The first 20 minutes of the first episode, titled “Winter,” was a seamless transition from where the series left off, and yet, as the show continued, I felt like something about these episodes were unlike the original show. All the sudden, the relationship tensions seemed to be more intense and less predictable, the main characters who had been so sure of themselves were now experiencing doubts and disappointments that were too real. And to top it off, instead of leaving me with a sense of content, I felt restless after watching the first three episodes, wondering how, and even if, the characters were going to solve their problems.
As I jumped between finding myself in Emily, Lorelai, and Rory, I was first rebuffed. This was not how “Gilmore Girls” was supposed to go – this was not how Rory was going to be 10 years down the road. Rory was supposed to be a star writer for the New York Times; Lorelai was supposed to be in wedded bliss to Luke, possibly with a child or two; and Emily was supposed to stay in her societal world, struggling to connect with her daughter but remaining supportive in her own way. I mean no offense to the writers, and actually, the more I reflected, the more thankful I became for how the four episodes were crafted.

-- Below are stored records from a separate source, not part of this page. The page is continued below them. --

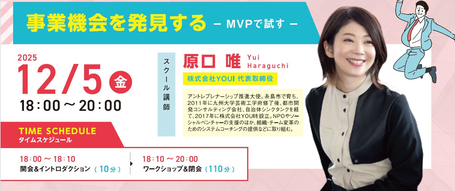 1.「事業機会を発見する―MVPで試す―」■日時:2025年12月5日(金)18時~20時
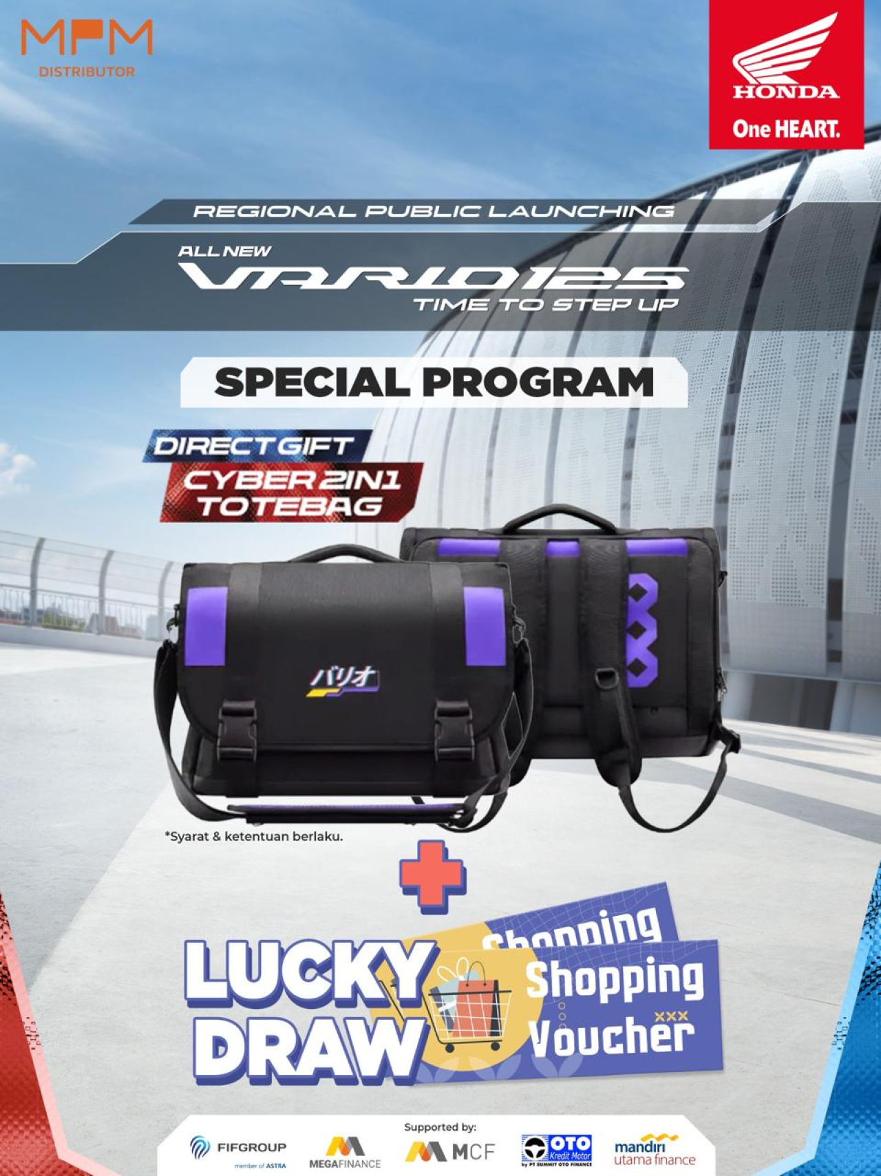 Sebagai bentuk apresiasi kepada konsumen, MPM Honda Jatim turut menghadirkan program spesial pembelian selama acara berlangsung. Konsumen yang melakukan pembelian All New Honda Vario 125 berkesempatan mendapatkan direct gift Cyber 2in1 Totebag serta mengikuti Lucky Draw Shopping Voucher, dengan syarat dan ketentuan berlaku.
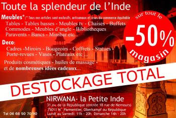 NIRWANA – la Petite Inde vous annonce un déstockage massif avant travaux (- 50 % sur le magasin entier) pour une collection exclusive , artisanale, exotique et issue de commerce équitable.
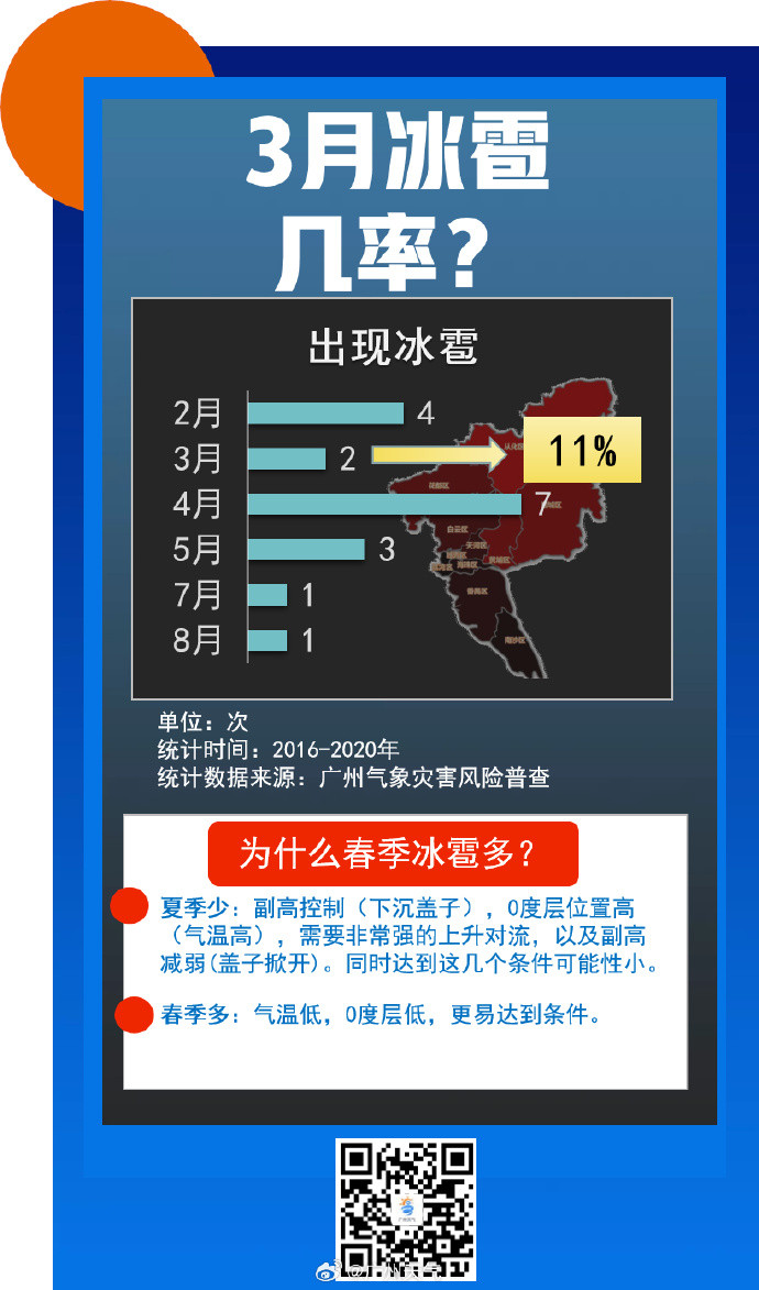 简单来说,本次冰雹的出现,就是强大的上升气流和丰富的水汽共同作用,使得水汽能够上升到足够的高度并通过滚雪球效应,最终凝结成冰雹。据历史资料统计,广州冰雹主要出现在2-10月,尤其集中在3-5月,频次高发区为北部地区,3月的出现的几率大概为11%。
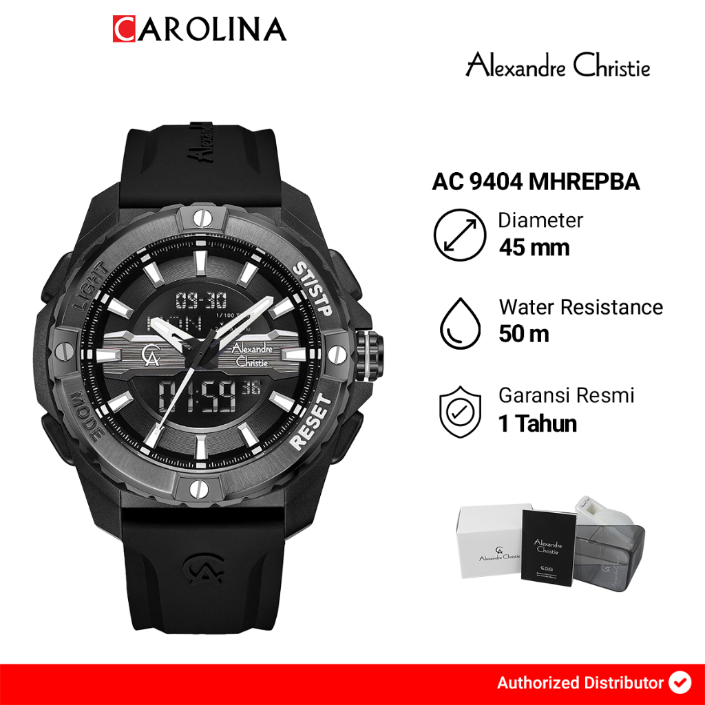 JAM TANGAN PRIA ALEXANDRE CHRISTIE CLASSIC STEEL AC 9404 MHREPBARE DIGITAL ANALOG RUBBER STRAP TERBARU TANPA DP
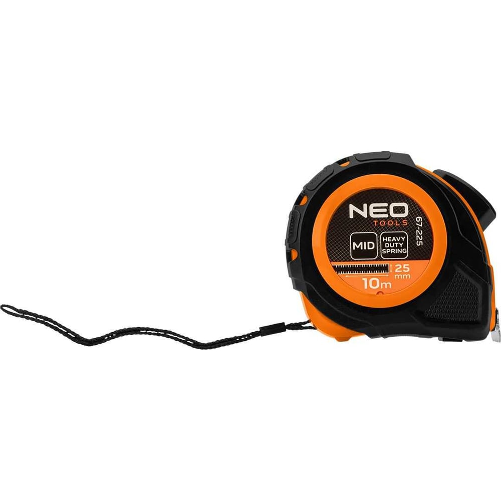 Выдвижная стальная рулетка NEO TOOLS 10 м, 25 мм, автоблокировка, две кнопки остановки 67-225
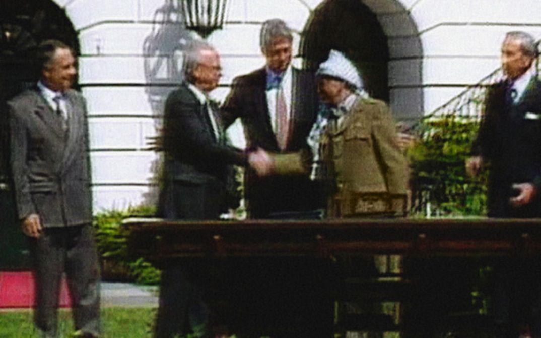 September 13, 1993: Two national leaders reach out and shake hands, while a third one watches. Yasser Arafat, Yitzhak Rabin, and Bill Clinton in the garden of the White House. A historic moment, repeated 20 times, tainted by countless shattered hopes. On the soundtrack Edward Said expresses his outrage at the Oslo Peace Accord which was settled by this handshake.
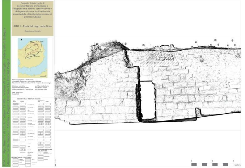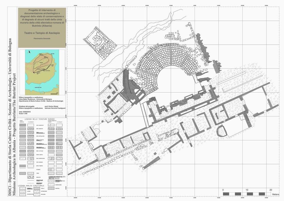 In the fall of 2015 and 2016, the first two Campaigns of Archaeological Research and Topographic Documentation of the joint project between University of Bologna and Institute of Archaeology of Tirana were carried out in Butrint, in agreement with the colleagues of the Butrint National Park. The aim of this research programme was to resume the study and documentation of some important urban contexts such as the area of the Sanctuary of Asclepius, particularly of the Temple on the upper terrace, and of the fortification system surrounding the Acropolis. This objective has been pursued not only in order to improve the understanding and documentation of structures with modern methods, but also with to the idea of assessing possible problems of deterioration that could compromise the future conservation of these important monuments of Albanian archaeology, in a site considered a World Heritage by UNESCO.

I found comfort in Rory’s life being in disarray in her early 30s. I felt encouraged by the way Lorelai’s lack of communication could cause problems that weren’t always easily fixable. With Emily’s adjustment to single life, I found hope that life can change not matter how old you are. The comedy and fast-paced chitchat of the show still existed but within the context of a world that resembled my own. There were moments of supreme awkwardness and major disappointment: something I feel the original show had lacked.
I have a tendency to compare my life with other people – even if they are fictional. It’s a constant struggle, but when I watched Winter, Spring, Summer and Fall, the judgments I made about my life were way less critical. I didn’t feel guilty for not having a full-time job and not knowing what next year is going to look like. I didn’t feel like I was alone in watching my peers succeed and move on with their lives when I was stuck. I didn’t berate myself for not being able to articulate how I’m feeling.
All of these experiences were validated in the four segments of “Gilmore Girls” in real life. And that helps me accept that where I am is where I am: struggles, insecurities, emotions and all.